As far as i know there were no other rabbits. My aunt just said it could possibly mean she had babies. I don;t know if any shelter will take her in. I know it cost around 130 for a spay, i just ready do not have the money to spend for that. She is too skinny, and i felt her belly and i didn't feel anything.


----------



## rabbitlovinkippy5 (Jan 20, 2008)

here are some pictures of her



http://www.goosemoose.com/component/option,com_copperminevis/Itemid,210/place,displayimage/album,lastup/cat,23957/pos,4/

http://www.goosemoose.com/component/option,com_copperminevis/Itemid,210/place,displayimage/album,lastup/cat,23957/pos,3/


----------



## Haley (Jan 20, 2008)

aww she is so pretty! I really hope we can help find her a home.
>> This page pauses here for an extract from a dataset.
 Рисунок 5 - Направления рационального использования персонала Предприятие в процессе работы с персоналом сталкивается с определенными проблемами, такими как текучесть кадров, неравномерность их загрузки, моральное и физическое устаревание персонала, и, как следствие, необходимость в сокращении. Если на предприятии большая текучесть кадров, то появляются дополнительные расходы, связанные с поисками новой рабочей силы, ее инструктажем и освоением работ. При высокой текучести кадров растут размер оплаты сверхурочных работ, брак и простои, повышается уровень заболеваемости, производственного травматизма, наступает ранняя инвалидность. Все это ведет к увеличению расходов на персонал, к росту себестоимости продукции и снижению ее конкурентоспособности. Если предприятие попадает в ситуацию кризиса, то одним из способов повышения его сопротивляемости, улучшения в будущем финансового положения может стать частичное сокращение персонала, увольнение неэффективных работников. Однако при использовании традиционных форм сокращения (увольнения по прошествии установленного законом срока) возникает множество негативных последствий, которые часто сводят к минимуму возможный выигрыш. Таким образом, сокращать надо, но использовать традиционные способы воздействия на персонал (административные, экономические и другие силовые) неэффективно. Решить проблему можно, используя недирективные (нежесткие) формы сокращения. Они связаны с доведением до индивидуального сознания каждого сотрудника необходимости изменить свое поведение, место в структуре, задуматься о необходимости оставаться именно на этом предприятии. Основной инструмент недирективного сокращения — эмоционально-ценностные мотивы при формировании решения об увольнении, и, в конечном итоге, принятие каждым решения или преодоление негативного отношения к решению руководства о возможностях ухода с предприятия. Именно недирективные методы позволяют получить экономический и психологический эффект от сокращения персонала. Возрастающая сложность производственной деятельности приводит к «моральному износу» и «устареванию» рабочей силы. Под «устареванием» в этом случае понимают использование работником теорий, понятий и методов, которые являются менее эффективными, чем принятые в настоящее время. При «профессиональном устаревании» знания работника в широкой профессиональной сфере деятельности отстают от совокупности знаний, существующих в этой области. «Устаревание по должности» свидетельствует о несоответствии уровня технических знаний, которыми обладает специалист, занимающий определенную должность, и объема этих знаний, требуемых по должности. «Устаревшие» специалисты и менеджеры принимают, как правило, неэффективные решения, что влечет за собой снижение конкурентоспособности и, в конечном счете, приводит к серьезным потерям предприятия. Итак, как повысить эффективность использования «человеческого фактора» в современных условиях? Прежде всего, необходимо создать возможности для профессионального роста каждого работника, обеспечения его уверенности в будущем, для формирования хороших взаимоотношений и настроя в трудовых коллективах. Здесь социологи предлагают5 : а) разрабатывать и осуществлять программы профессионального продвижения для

I see in your profile you have a male rabbit, have you ever thought of bonding them nd keeping her?


----------



## rabbitlovinkippy5 (Jan 20, 2008)

No, i can't keep her. I have a female 10 year old Dutch who doesn't really like other rabbits too much. My other female snickers past away over a year ago, they never live togther but would have play time. They just never got along inside the cage. HOpscotch really doesn;'t want others in her space. I have 11 rats, 3 mice,2 fish tanks, 3 cats and the rabbit. I don't really have the time to give her everything she needs for another 10-15 years. IM about to turn 20 and have been in a long term relationship for 4 years, i getting close to the age of getting ready to have a family. She should have a nice loving home with some who will love her till she is old.

Kaytie


----------



## Haley (Jun 11, 2008)

Hi Kaytie, just wondering if you ever found this girl a home? I hope so!


----------



## rabbitlovinkippy5 (Jun 12, 2008)

yeah i did. months ago. It was hard to see her go but she went to a family with 3 boys who loved her.


----------